Time to diagnosis, socioeconomic and clinical features of patients with congenital heart diseases in a teaching hospital in Nigeria
Introduction
Congenital heart defects (CHD) are the commonest group of congenital malformation (1). They are the most common cause of infant death occurring from birth defect (2). The incidence of CHDs in developed countries varies from 4 to 50/1,000 live births (3). In Nigerian studies, the incidence of CHDs is 4.6 to 10 per 1,000 live births (4,5).
Studies have shown that there is an increase in the risk of CHDs in lower socioeconomic classes (6,7). Studies with similar findings of higher risk of CHD in low socioeconomic classes have also been reported in Nigeria (4,8).
In studies done in Nigeria 49% to 52.6% of CHD diagnoses were made above 5 years (4,9). These timing of diagnosis is late compare to study by Landis et al. (10) in New York where 68.3% of the babies with CHD had prenatal diagnosis made and 67.2% of babies with CHD had cardiothoracic surgery done before discharge from the neonatal intensive care unit.
A structured and functional referral system is key to effective health care delivery (11). In many developing countries, the tertiary hospitals are usually the first contact of patients to the health care facilities. This results in overburdening of these facilities and high specialist patients load (12).
Sanders et al. (13) in Zimbabwe reported ineffective utilization of the hospital referral system. In the study, only 38% of cases were referred from primary level to the teaching hospital. In Nigeria, there are three levels of health care delivery: the primary, secondary and tertiary health care. Due to poor referral system in Nigeria, a high proportion of patients present to the tertiary health care without referrals is poor. Akande (12) reported as high as 92.9% of cases seen in a tertiary hospital presented without a referral.

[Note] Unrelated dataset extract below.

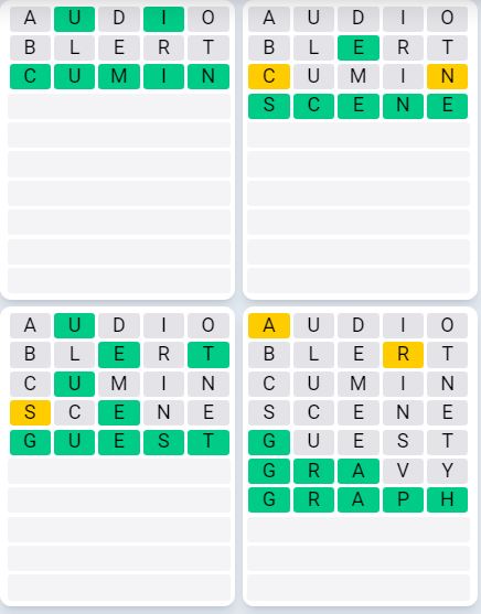 It is the most popular daily word game outside of Wordle due to the increased level of difficulty. Players must guess four five-letter words in as few as nine attempts, rather than guessing one word.
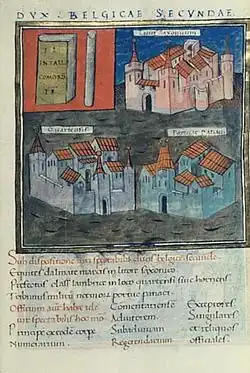 The Dux had originally more units under his command. Arnold Hugh Martin Jones identified the origin of some units as being from the Gallic army. They originated from Belgica II. Their names are the same as the well-known cities of this province:

Factors such as socioeconomic status and educational achievements are known to affect the health seeking behavior of individuals and their utilization of health care facilities (14,15). However, in a study by Fixler et al. (16) in Texas, no significant relationship was found between the socioeconomic status of caregivers and the timing of diagnosis in children with CHD.
To the best of researchers’ knowledge, no study has been done in Nigeria to ascertain the effect of the socioeconomic status and the referral system on the timing of diagnosis of CHD. Hence, the study aims to describe socioeconomic, clinical features, and time to diagnosis of patients with CHD in a teaching hospital in Nigeria. This will help to educate health policy makers and other stakeholders on the need to increase the awareness of CHD amongst people at risk and also emphasize the need for an effective referral system that will enhance timely diagnosis and specialized care of affected patients.
Methods
This study is a cross-sectional, descriptive study, carried out at the Lagos State University Teaching Hospital (LASUTH), as part of a large study from April 2008 to March 2012. All patients with echocardiography diagnosis of CHD within the study period were included. Patients with prior diagnosis of CHD but that presented at the study period were also included. All patients referred with previous echocardiography of CHD elsewhere were reevaluated in LASUTH by the Paediatric cardiologist.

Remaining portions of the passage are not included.